RECIPE: Four Seasons Orlando’s Ravello Fresh Pasta w/Mushroom Cream Sauce
We go to Orlando as much as we can. Of course, it’s home to the Disney World theme parks, which, for the kids especially, is one of the most magical places on earth. But the adults? We’d argue that the Four Seasons is just as- if not more- magical, as you can still find Mickey and Minnie (in their cute country club-chic attire), but the food and atmosphere are luxuriously top-notch.
One of the best meals we’ve had- outside of those in Italy or the versions of them we’ve recreated at home- was at Ravello– The Four Seasons Orlando’s fine-dining Italian restaurant. It’s really no surprise, as the executive chef, Fabrizio Schenardi, hails from Rivoli, Italy, in the Piemonte region- a culinary capital in the country where everything you eat is incredible.
As The Four Seasons gears up toward reopening, Fabrizio is sharing one of his favorite recipes for his foodie fans to make at home: Homemade Pasta with a Mushroom Cream Sauce, which happens to be one of the most popular dishes enjoyed at Ravello.
Fabrizio notes that many Italian recipes require only simple ingredients that are easy to find, and the meals quick to create. Below is everything you will need to make this delectable dish that is sure to become a staple in your recipe rotation.
Ravello Fresh Pasta
- 4.4 ounces semolina flour
- 13 ounces all-purpose flour
- 5 eggs
- 1 teaspoon salt
Beat egg with salt using a fork. Mix semolina and all-purpose flour in a bowl. Add the eggs to flour mix, incorporate with a fork until smooth. Knead the dough by hands until tight and smooth to the touch. Let rest for 30 minutes, wrap in a clean towel.
Roll the dough with a small pasta machine or a rolling pin, is very important to keep folding the dough during this process.

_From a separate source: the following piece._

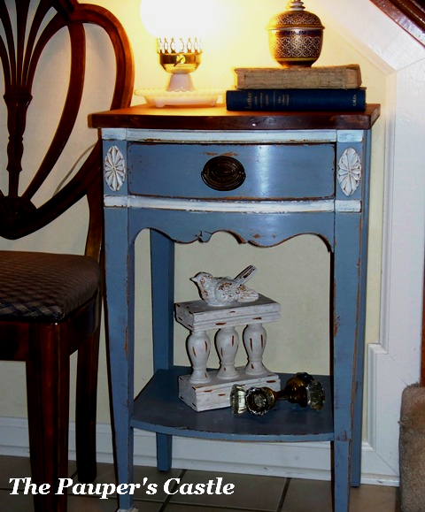 I thought this piece needed something a little more refined.  So I sanded the top so I could stain it and painted the body with Slate Old Fashioned Milk Paint WITH the Extra-Bond added. I did NOT sand or prime this piece.  I simply cleaned it with TSP-PF and then painted. It took ONE coat of paint.  Then I painted the details with one coat of Light Cream OFMP (I did NOT mix in the Extra-Bond with this; it’s only needed in the first coat).  I lightly sanded by hand and then waxed the entire piece with a natural colored wax.  The entire project took LESS than 3 hours from start to finish.  I think the results are FABULOUS….What do you think?

If using a pasta machine, dust with flour and pass the dough twice through the machine, dust again and pass it through again. Dust the pasta with flour so when cut, it does not stick together. Let pasta dough dry on the table for 3 minutes. Cut with the pasta machine or by hand with a knife into thin strips.
If by hand, cut the pasta into strips for lasagne, fettuccine, tagliatelle, pappardelle and linguine. Let dry on a baking sheet for 2 minutes. Dust with flour again, fold them in half lengthwise, or into small “nests.” Let dry for another 30 minutes, then wrap and refrigerate for 2 days or freeze for up to 2 weeks.
Cook in boiling salty water; just made pasta will take 4-5 minutes to cook, one day old pasta will take 6-7 minutes. Serves 4.
If semolina is unavailable, use all-purpose flour only, 18 ounces and same method as above.
Mushroom Cream Sauce
- 2 tablespoon chopped shallots
- 3 ounces butter, divided
- 2 cups of dry white wine (pinot grigio or chardonnay will work)
- 2 cups of cream
- 1 small pinch of nutmeg
- 1 cup parmigiano reggiano cheese (can be substituted with domestic parmesan cheese)
- 4 cups of mushrooms of choice (portabella, oyster, pioppini, trumpet, cremini)
- 4 pieces of chopped garlic
- 1 ounce of olive oil
- 1 teaspoon chopped fresh thyme
- 1 tablespoon sliced fresh chives
- Salt and pepper to taste
Make the cream sauce: Melt the 2 ounces of butter in a sauce pan, add the shallots and let cook until soft at low flame. Add the white wine, and let reduce to ½ of his original volume. Add cream and nutmeg, bring to a boil, keep stirring the sauce with a wooden spoon. Lower the flame and simmer the sauce for 10 minutes, add the cheese and keep stirring, let simmer until the cheese is completely melted. Taste and add salt if needed.
Prepare the mushrooms: Melt one ounce each of oil and butter in a frying pan. Add garlic and cook until golden. Sauté the mushrooms for about 5 minutes until they are softer, and add the thyme. Adjust seasoning to taste. Mix the mushrooms with the cream sauce. Toss the pasta into the sauce, serve and garnish with chives and parmesan cheese. Serves 4.